Aveni also indicates that three dates were recorded on the two stelae. Stela 10 has one date inscribed at 9.10.19.13.0 3 Ahau 8 Yaxkin on February 22, 595 A. D. (Julian Day #1938434) in the 12 Lamat Eclipse correlation. Stela 12 has two dates; that is, 9.10.15.0.0 6 Ahau 13 Mac on June 28, 590 A. D. (Julian Day #1936734) and 9.11.0.0.0 12 Ahau 8 Ceh on June 2, 595 A. D. (Julian Day #1938534). Aveni also states that the dates "appear to have no astronomical significance" (11), when their temporal locations are fixed by the Goodman-Martinez-Thompson correlation. Since both dates on Stela 12 can be said to fall into a traditional pattern of marking quarter-Katun (9.10.15.0.0) and Katun-ending (9.11.0.0.0) positions in the Maya LC notation, and that such designations often appear as signals for the beginning or end of a particular recorded calendrical interval, and are justified as much by that function as they might be by astronomical considerations, it becomes possible to suggest that only the third date (9.10.19.13.0 3 Ahau 8 Yaxkin) on Stela 10 may have been meant to carry the weight of the astronomy associated with these two stelae. This is not to say, however, that the positions of the other two dates in the count of the days were astronomically meaningless. Examination of those two positions, in fact, demonstrates quite the contrary.
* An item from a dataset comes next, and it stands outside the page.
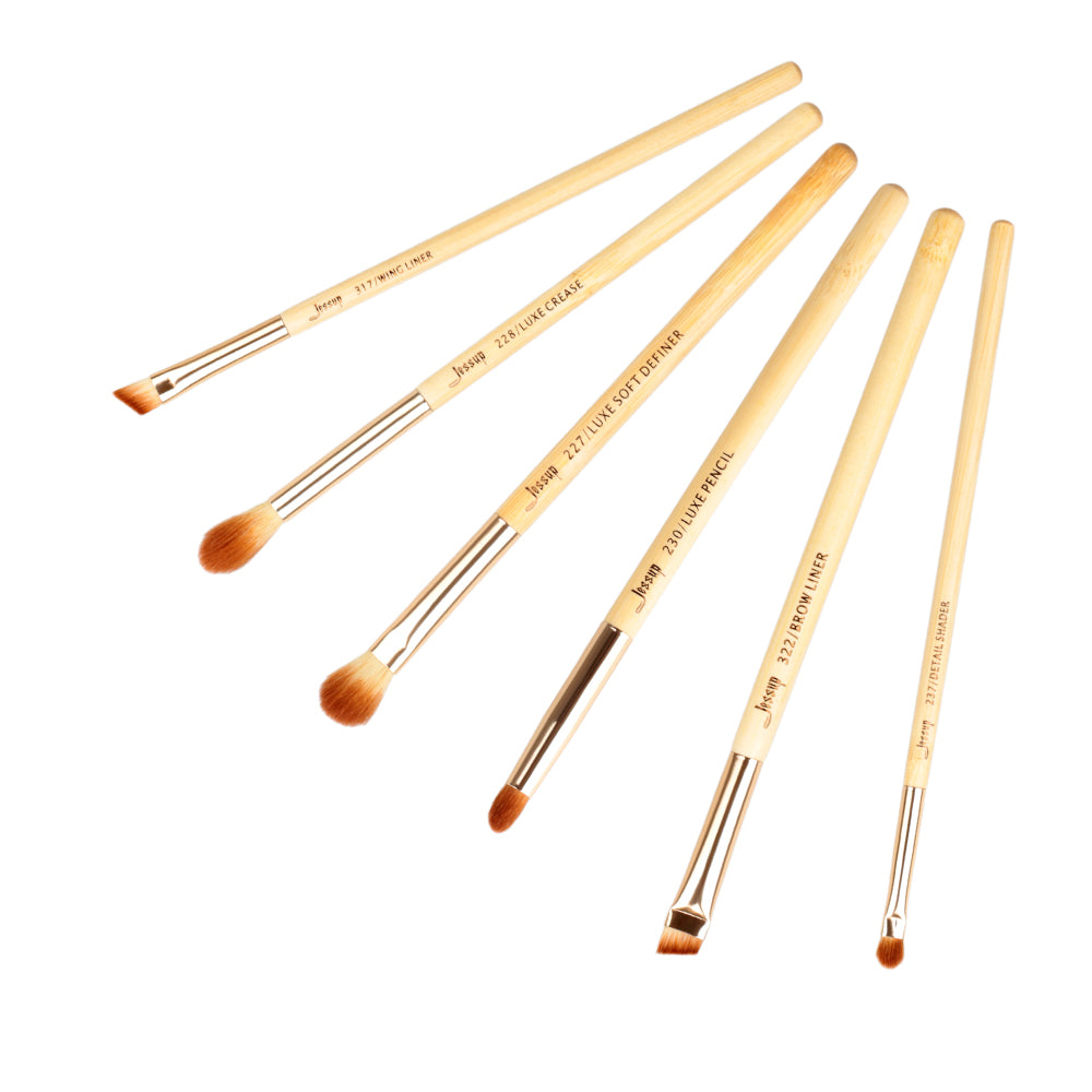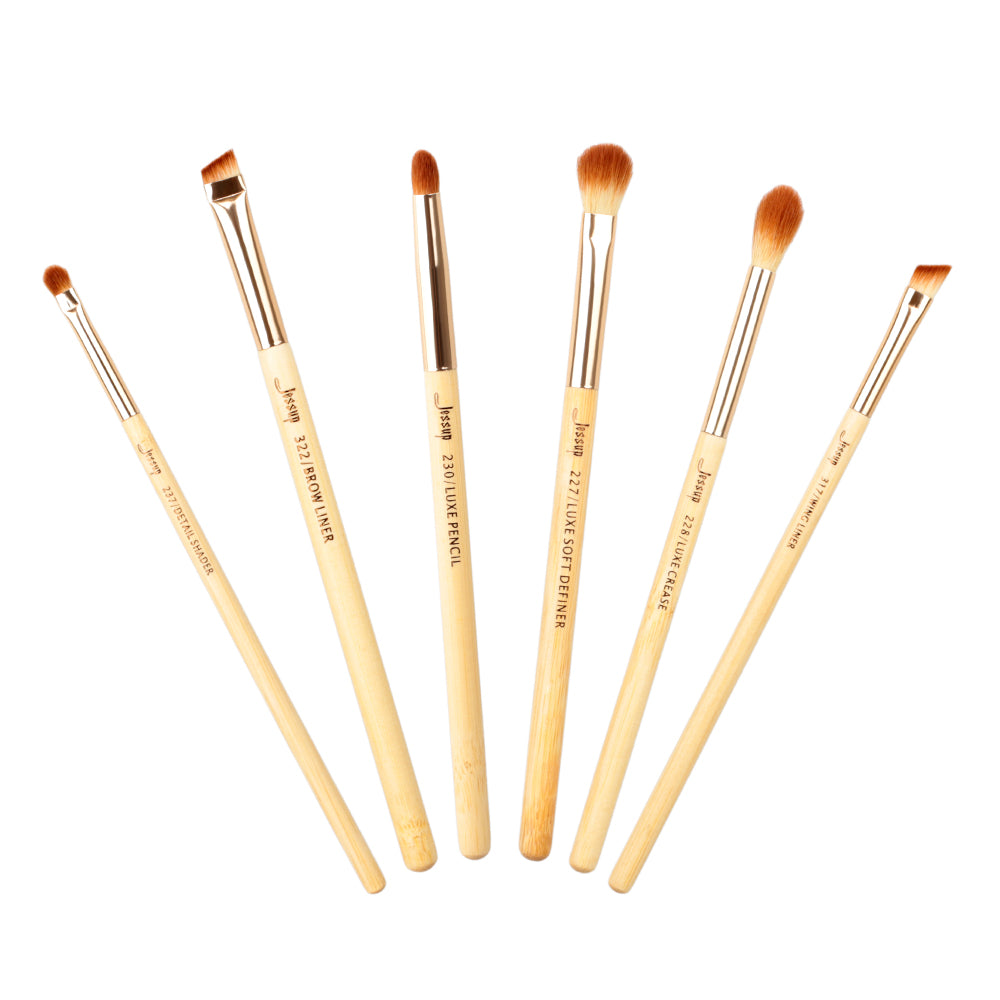 T141 6 pezzi Jessup Brand Beauty Bamboo Set di pennelli per il trucco professionale Kit di strumenti per pennelli per il trucco Eye Shader Liner
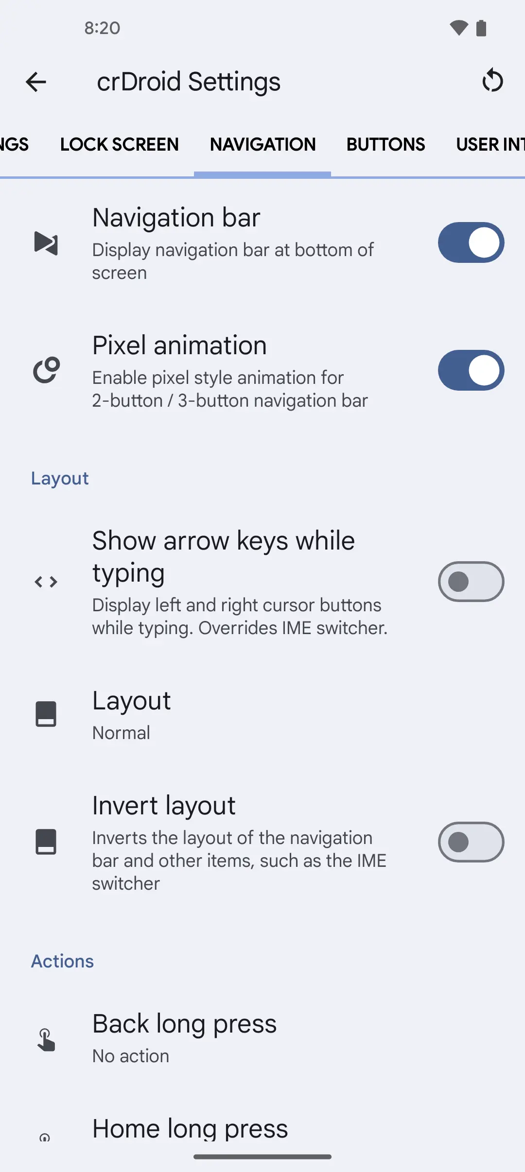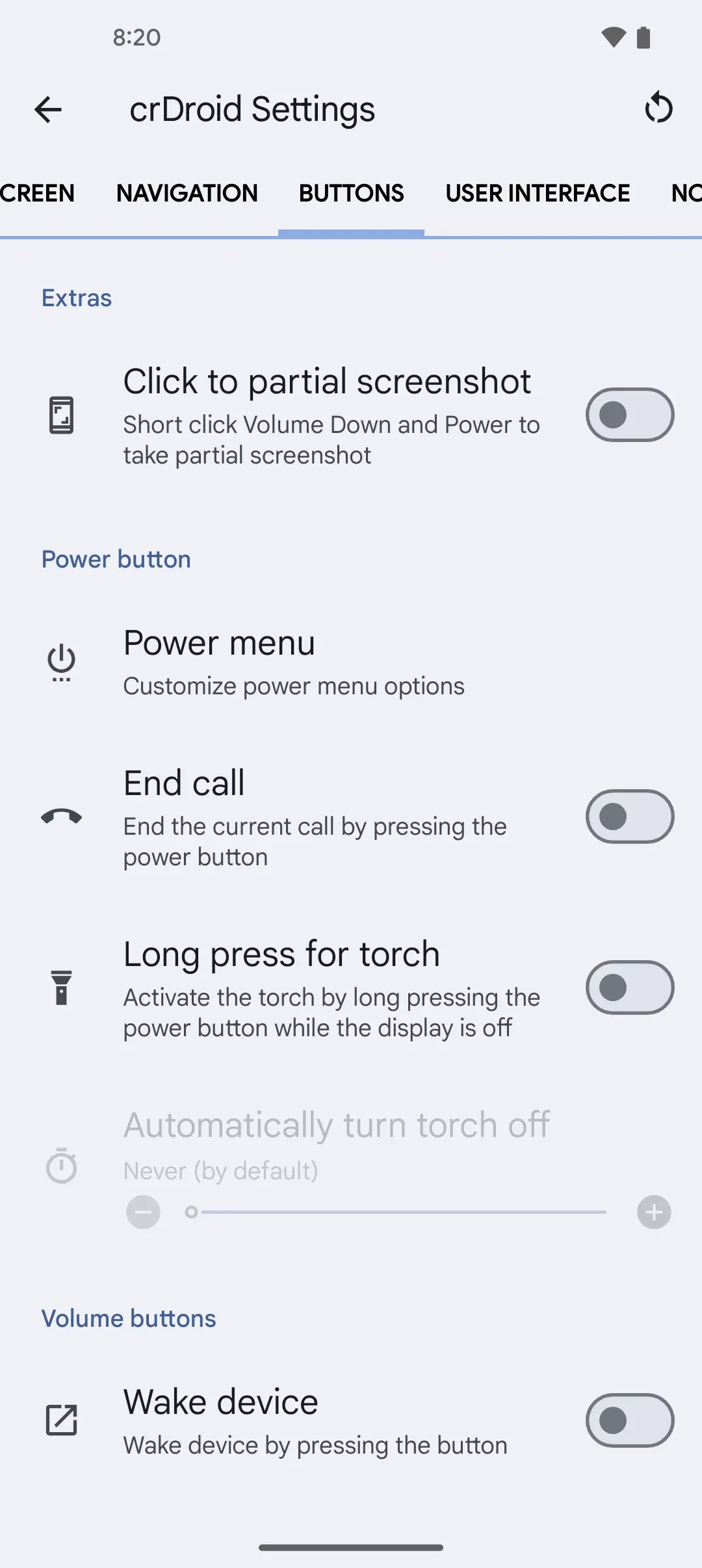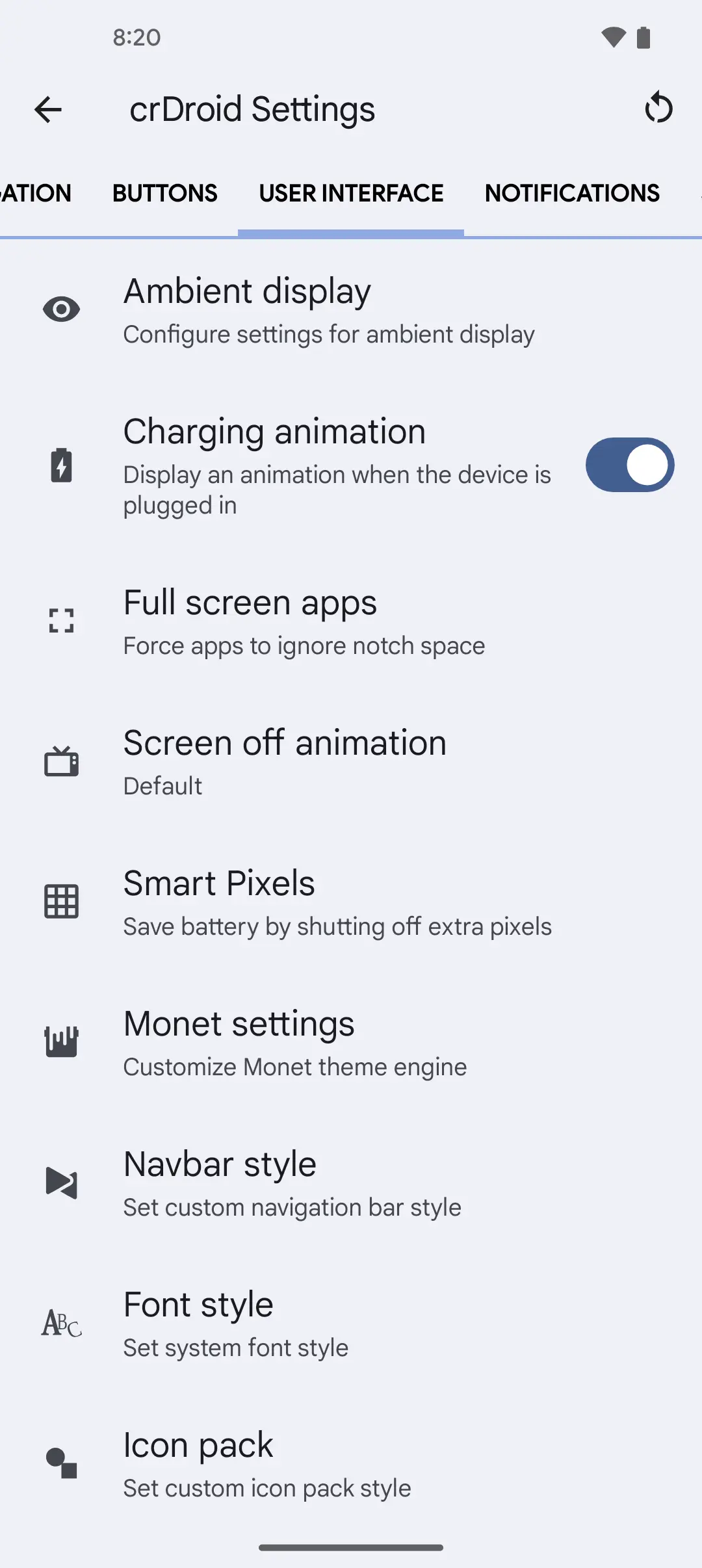 Some crDroid settings screenshots so you know what you can customize on the go

The earliest date on the stelae, at 9.10.15.0.0 6 Ahau 13 Mac on June 28, 590 A. D., fell 8 days after summer solstice (June 20, 590 A. D.), when the sun reached its extreme northerly declination of +23*37'22" from the celestial equator at 9.10.14.17.12 11 Eb 5 Mac in the Maya LC notation. Since the baseline of the two stelae and the central axis line of the window in Temple 22 seem to serve an astronomical function at vernal and autumnal equinox, a date positioned only 8 days after the midpoint between them (at summer solstice), that day seems a reasonable enough place in time from which to begin an astronomical analysis of the events that might be associated with 9.10.15.0.0 6 Ahau 13 Mac. It is important to remember, of course, that the earliest date on Stela 12, because it marks a quarter-Katun position, was determined in its place relative to celestial motion of every kind by virtue of where the zero base-day was fixed by Maya astronomers when they first began to use the CR day-name system and the LC notation to count the sequence of days in their calendrical system. Finding the sun just 8 days past its extreme northerly declination from the celestial equator at a quarter-Katun marker (6 Ahau 13 Mac) recorded on Stela 12 does at least open the possibility that a relevant astronomy to the baseline and window at Copan does exist in the 12 Lamat eclipse correlation, since this position is determined by fixing 13.0.0.0.0 4 Ahau 8 Cumku at Julian Day #563334 on April 29, 3171 B. C. and extending forward precisely to 9.10.15.0.0 6 Ahau 13 Mac.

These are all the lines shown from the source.